All security incidents are addressed in a consistent manner to improve security based on what has happened.
In the incident treatment process:
A process for reporting incidents is maintained to help staff report incidents efficiently and consistently.
Things to report as an incident include e.g.:
The personnel guidelines emphasize the obligation to report security incidents as soon as possible in accordance with the agreed process.
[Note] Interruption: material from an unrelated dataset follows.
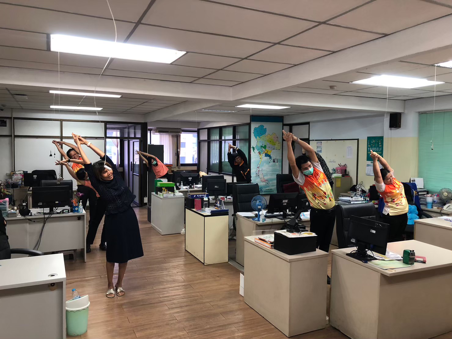 กิจกรรมยืดเหยียดระหว่างปฏิบัติงาน photos and movies

The instructions also describe other operations in the event of an incident (e.g. recording seen error messages and other details).
The organization must document all personal data breaches and their consequences and the corrective actions taken, regardless of the action ultimately resulting from the breach.
Failure to comply with the documentation obligation or notification is contrary to GDPR and may lead to sanctions defined on the regulation.
The organization must have a process for reporting a security breach that has occurred or is suspected of endangering internationally classified information to the competent security authority.
The organization must also have guidelines and procedures for detecting and informing of security breaches that have compromised classified information within the organization and to whom the security breach or suspicion thereof should be sent. inform. In addition, it must be clear what kinds of data security deviations require contacting the authorities.
Security classified information is considered compromised when it has been revealed or could have been revealed to outsiders as a result of a data security incident. Several data owners (e.g. the EU) as well as valid authority approvals require immediate notification of deviations or suspicions that endanger classified information.